╭─ Entries supplied
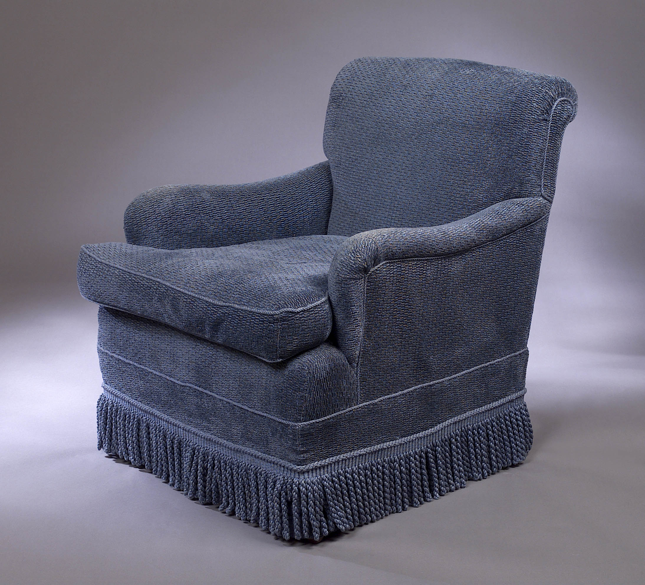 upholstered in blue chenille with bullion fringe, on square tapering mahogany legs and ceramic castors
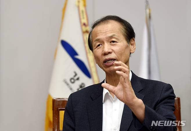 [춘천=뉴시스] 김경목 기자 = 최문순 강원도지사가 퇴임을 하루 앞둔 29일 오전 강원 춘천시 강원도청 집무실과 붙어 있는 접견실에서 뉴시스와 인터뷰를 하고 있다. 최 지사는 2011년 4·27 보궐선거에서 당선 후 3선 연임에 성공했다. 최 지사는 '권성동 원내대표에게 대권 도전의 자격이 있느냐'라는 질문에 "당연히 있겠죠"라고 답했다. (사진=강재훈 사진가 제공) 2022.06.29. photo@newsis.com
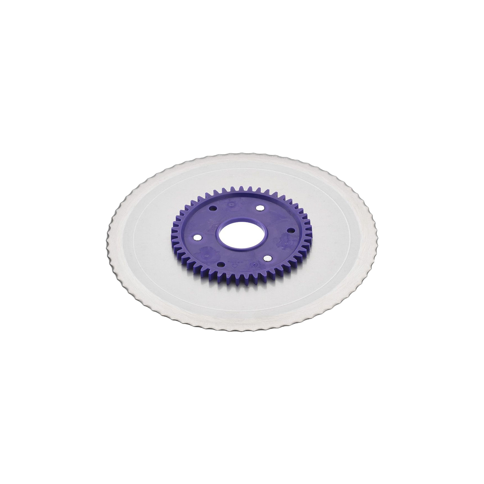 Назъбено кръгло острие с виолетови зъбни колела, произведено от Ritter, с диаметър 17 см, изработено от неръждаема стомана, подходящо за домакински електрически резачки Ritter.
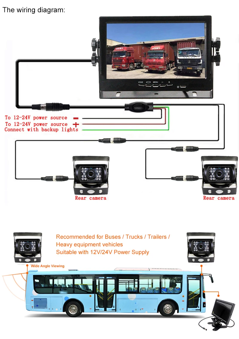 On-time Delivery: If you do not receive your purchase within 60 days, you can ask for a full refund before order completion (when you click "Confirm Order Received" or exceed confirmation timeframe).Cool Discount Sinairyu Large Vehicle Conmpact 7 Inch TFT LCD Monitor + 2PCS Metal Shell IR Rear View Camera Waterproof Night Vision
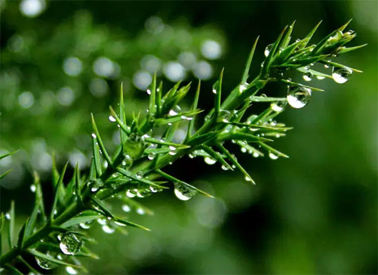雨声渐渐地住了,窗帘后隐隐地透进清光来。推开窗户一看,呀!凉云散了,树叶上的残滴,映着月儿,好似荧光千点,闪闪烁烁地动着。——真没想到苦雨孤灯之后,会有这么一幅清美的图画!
╰─
╭─ Entries supplied
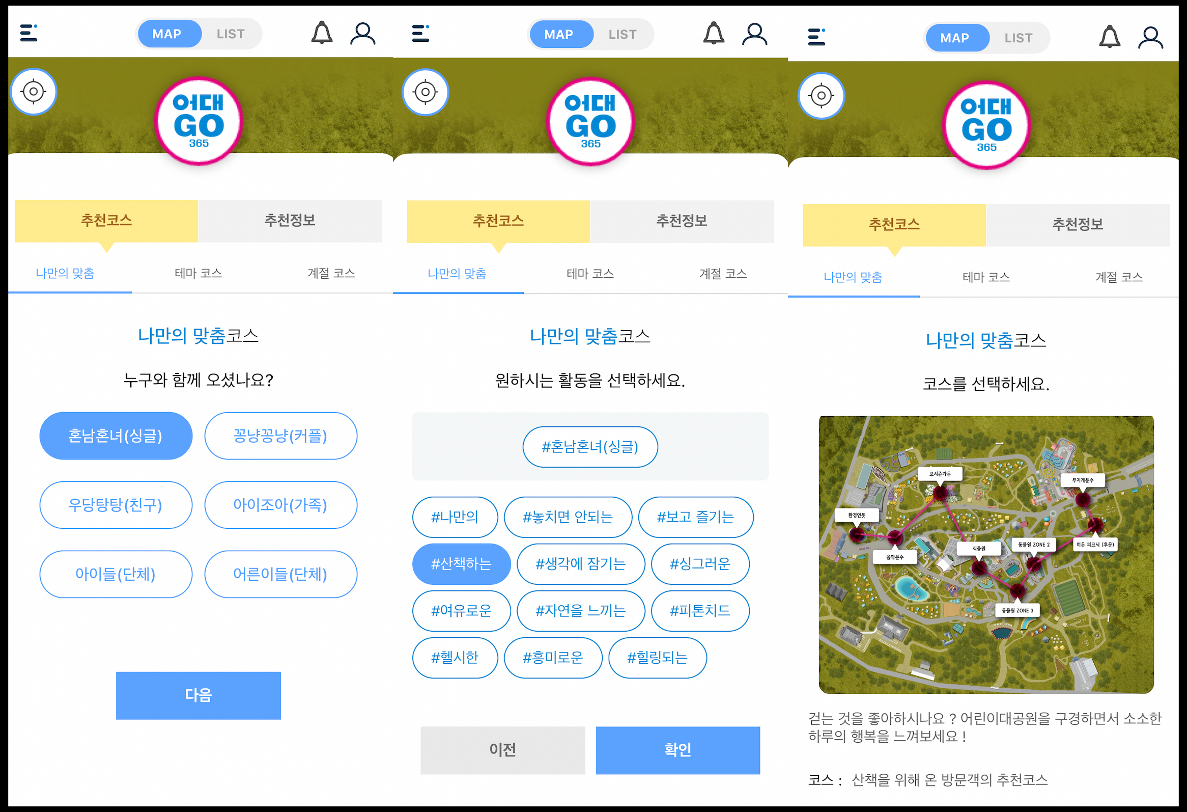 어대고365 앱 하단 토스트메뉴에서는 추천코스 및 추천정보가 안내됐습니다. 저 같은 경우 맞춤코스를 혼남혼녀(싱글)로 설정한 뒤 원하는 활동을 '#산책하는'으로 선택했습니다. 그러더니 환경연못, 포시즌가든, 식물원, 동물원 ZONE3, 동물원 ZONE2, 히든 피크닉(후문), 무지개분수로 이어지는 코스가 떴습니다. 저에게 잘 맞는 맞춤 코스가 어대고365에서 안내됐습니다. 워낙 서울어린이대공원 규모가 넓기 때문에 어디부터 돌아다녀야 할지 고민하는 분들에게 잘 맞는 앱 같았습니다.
╰─
(Problem requirements):
Look above for the line holding "[춘천=뉴시스] 김경목 기자" and output everything from it down to the line holding "Назъбено кръгло острие", both ends included, exactly and without images.

(Expected answer):
 [춘천=뉴시스] 김경목 기자 = 최문순 강원도지사가 퇴임을 하루 앞둔 29일 오전 강원 춘천시 강원도청 집무실과 붙어 있는 접견실에서 뉴시스와 인터뷰를 하고 있다. 최 지사는 2011년 4·27 보궐선거에서 당선 후 3선 연임에 성공했다. 최 지사는 '권성동 원내대표에게 대권 도전의 자격이 있느냐'라는 질문에 "당연히 있겠죠"라고 답했다. (사진=강재훈 사진가 제공) 2022.06.29. photo@newsis.com
 Назъбено кръгло острие с виолетови зъбни колела, произведено от Ritter, с диаметър 17 см, изработено от неръждаема стомана, подходящо за домакински електрически резачки Ritter.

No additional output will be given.